Yay for the number 3!
I agree completly with everything you said in your first paragraph. and if you look at my last post, I was trying to explain this…
“I see where you’re coming from as well, but I’d argue that no one can really know *everything* about anything; that goes for theists and atheists.”
I just couldnt put it into one sentence and had to draw it out into non nonsensical paragraphs. haha
I also completly agree with your third paragraph. Thanks for putting it so eloquently. Usually I hear a fellow 16 y.o. trying to explain that to me, and they just end up sounding a little…dense…
They ask about the trinity, and sacrament and the translation of the bible and how accurate it is. Just the general kind of stuff I guess. And im not really completly sure on anything that has to do with religion anymore, so “I dont know” is a common answer.for me.
And you could call my life right now interesting I guess. Id call it more confusing, :), but its interesting all the same. I think I pay more attention to religion than most kids my age. I like learning about different religions, and about how different people view the bible. I know a lot about other people’s faith and a lot about how scholars, archeologist’s and scientists view the world. But Im still trying to figure out my faith and how I view the world. I grew up believing God, Christ and the Holy Ghost were separate beings, so the trinity just sounds really weird to me.
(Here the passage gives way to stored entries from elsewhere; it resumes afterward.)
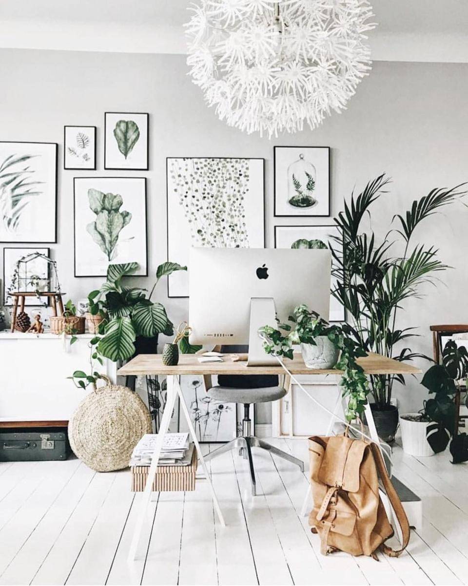 9. Dinding wallpaper tropical, tanaman hias, wall grid, dan lampu gantung bikin ruang kerja kamu jadi instagramable!
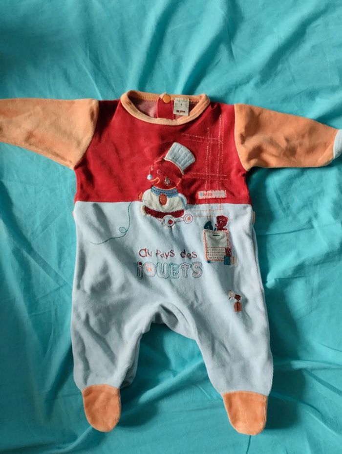Pyjama bleu, rouge et orange 1 mois Très bon état
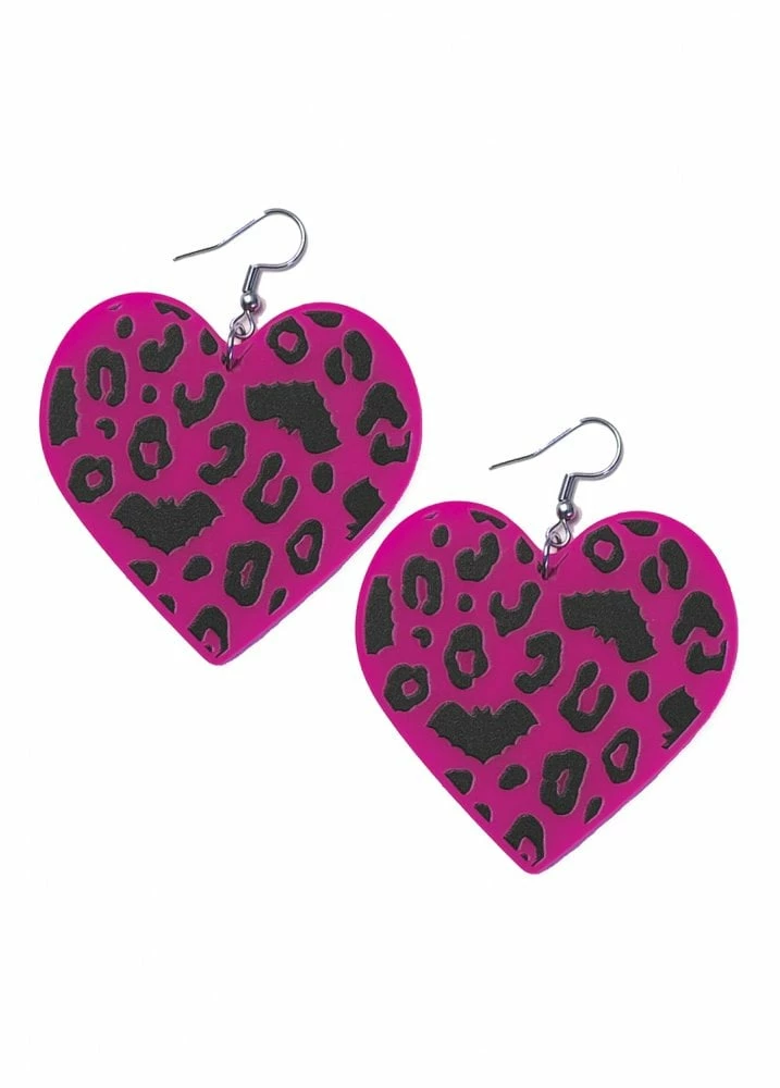 The Batty Leopard Earrings from Sourpuss are a cute pair of heart shaped drop earrings. The psychobilly earrings have a leopard and bats print design with nickel-free hooks.

The bible cant possibly be perfect because of humans, but did God interfere and keep it in its original glory? I dont know. So when my atheists friends ask me…I still dont know.
Anyways, i’m babbling.
Devolution means the transfer of power or responsibilities from central government to regional or local government. I’m at a loss to explain what it has to do with anything that’s been discussed but I do hate being left out.
Jared, for what it’s worth, “I don’t know” is a great answer. The gap between things I do know and things I don’t know is massive. I can barely comprehend all the things that I am in ignorance on.
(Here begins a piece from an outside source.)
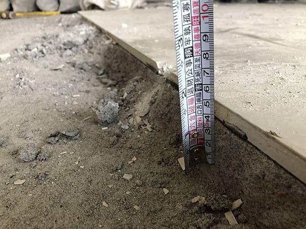 建議大家丈量厚度,這個涉及到兩個問題,一個是未來完成面高度,一個是打除清運的費用計算,一般來說,地面打到見底是5公分以內,超過這個厚度拆除清運費用自然要調整。這些問題常發生在買賣投資客的房子,我自己就吃過虧,有一次打下去,居然底下還有兩層磁磚才見底的,厚度超過15公分厚 ! 打除工跟垃圾的費用馬上翻倍 ! 不可不慎。

In slang, evolution is things slowly improving. Devolution would be de-evolution, or things slowly getting worse. That’s all it means.
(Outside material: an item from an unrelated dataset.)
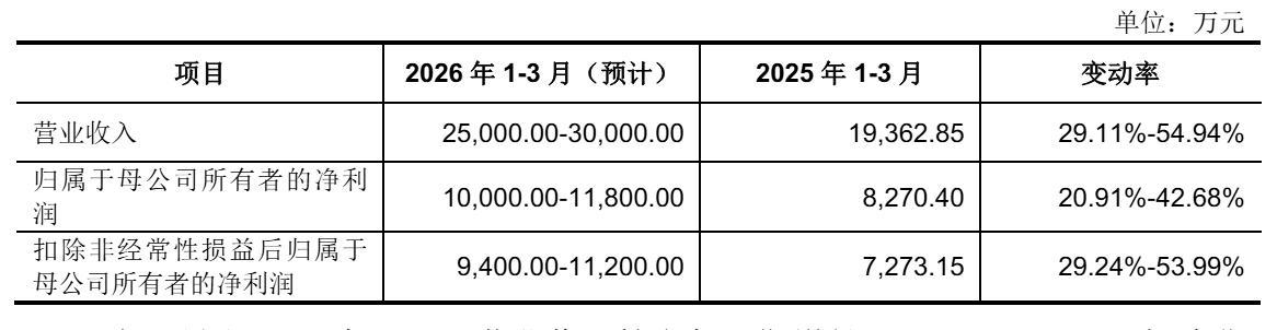三瑞智能预计2026年第一季度营收为2.5亿到3亿,较上年同期的1.94亿增长29.11%到54.94%;预计净利为1亿到1.18亿,较上年同期的8270万元增长20.91%到42.68%;预计扣非后净利为9400万到1.12亿,较上年同期的7273万元增长29.24%到54%。

The guy was whacked, lets just put it like that.
So, is there any clarification for the criteria about whether to obey or disobey divine commands from the book that is the absolute moral source? Because I still haven’t seen any reason to not attempt to obey Exodus 35:2.
@ Ben
You should read this article from a Mike Clawson. He’s a pastor and theologian of sorts. I kinda follow his line of thinking as seeing the Bible as an ever-changing document moving in time. What God may have said then may not apply now “For you have heard it said….but I say to you..” and I typically go for what Jesus says when it comes to the law. But that’s just me.
Here’s the link.
dang it! it didn’t work.
Oh well here’s the link.
http://emergingpensees.blogspot.com/2007/03/how-to-read-bible.html
Mike Clawson does not consider the Bible to be his absolute source for morality. The link is N/A.
how?
Even the people at the Council of Nicea said nothing about the Bible being the “Word of God” as noted in the Nicene Creed.
Only scripture that seems to point to inspiration of God is phrases like “God-breathed” or “following what we think is the Holy Spirit” (Acts)
Granted these come from new testament.
I’m not arguing which interpretation is correct. You gave me the basics of yours in the forums and I believe (if I remember correctly) I gave you a big thumbs-up of agreement - your reading seemed much more consistent than most. In the end, I would hope to convince Jason that yours is more correct, actually. Which may be what you were intending with the link and it went right over my head.
(smacking forehead)
then what are you trying to argue? I’m confused.
That the Bible is not a good source for answers to moral questions and definitely not a good absolute source for moral truth.